**WORK INSTRUCTION:**
Set every entry down again exactly, excluding any pictures.

**STUDY MATERIAL:**
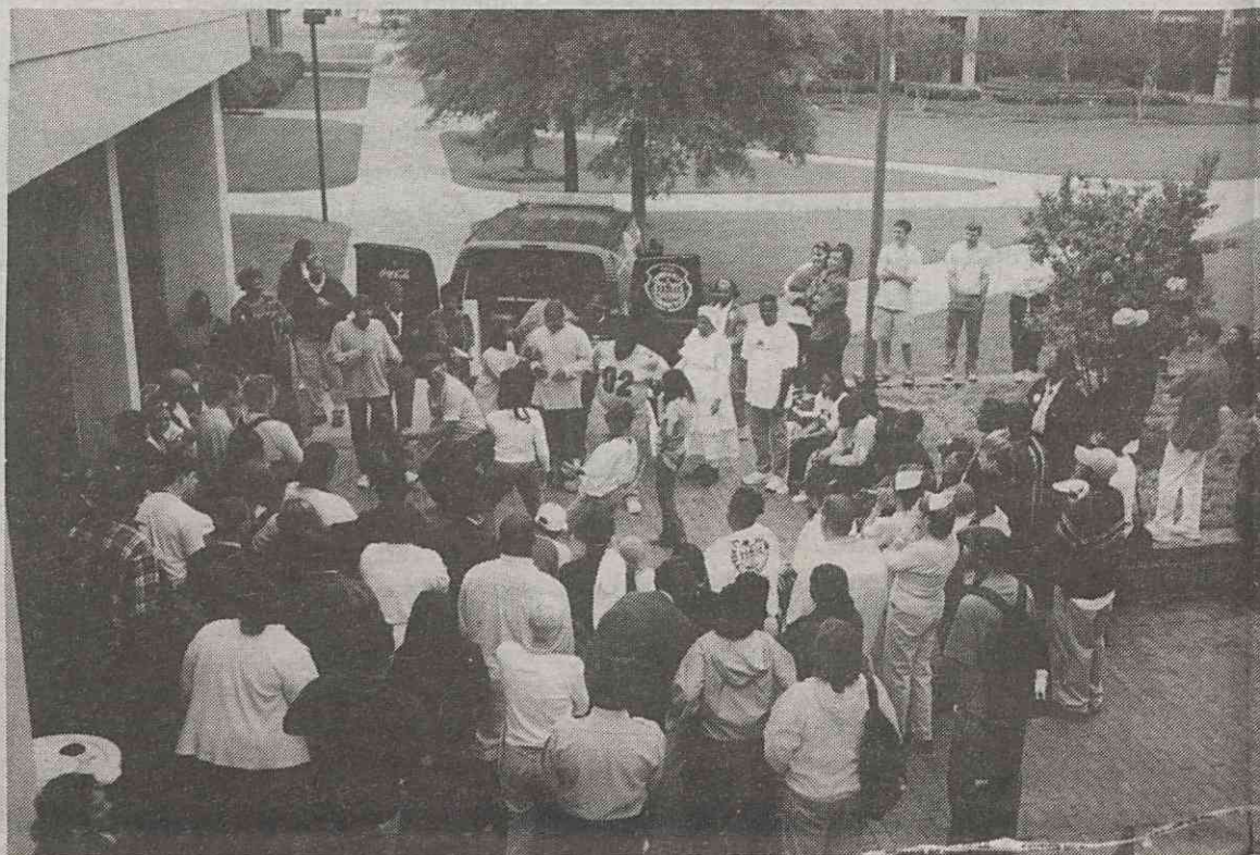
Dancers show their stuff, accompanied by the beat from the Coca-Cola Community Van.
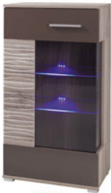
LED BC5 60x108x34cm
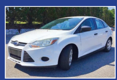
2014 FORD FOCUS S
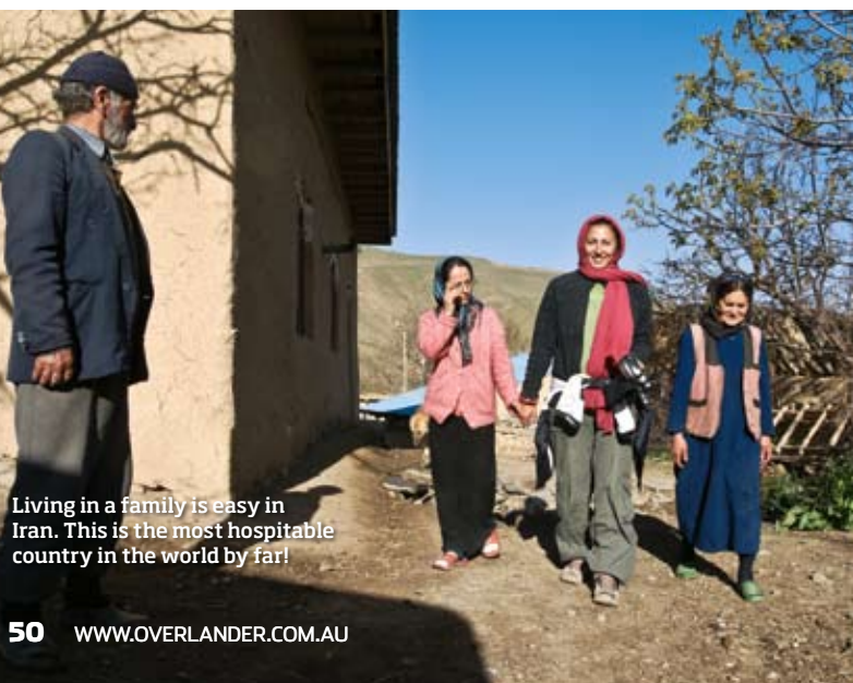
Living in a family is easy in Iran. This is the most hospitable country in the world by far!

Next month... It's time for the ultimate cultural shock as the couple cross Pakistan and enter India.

**EXERCISE OUTPUT:**
Dancers show their stuff, accompanied by the beat from the Coca-Cola Community Van.
LED BC5 60x108x34cm
2014 FORD FOCUS S
Living in a family is easy in Iran. This is the most hospitable country in the world by far!

Next month... It's time for the ultimate cultural shock as the couple cross Pakistan and enter India.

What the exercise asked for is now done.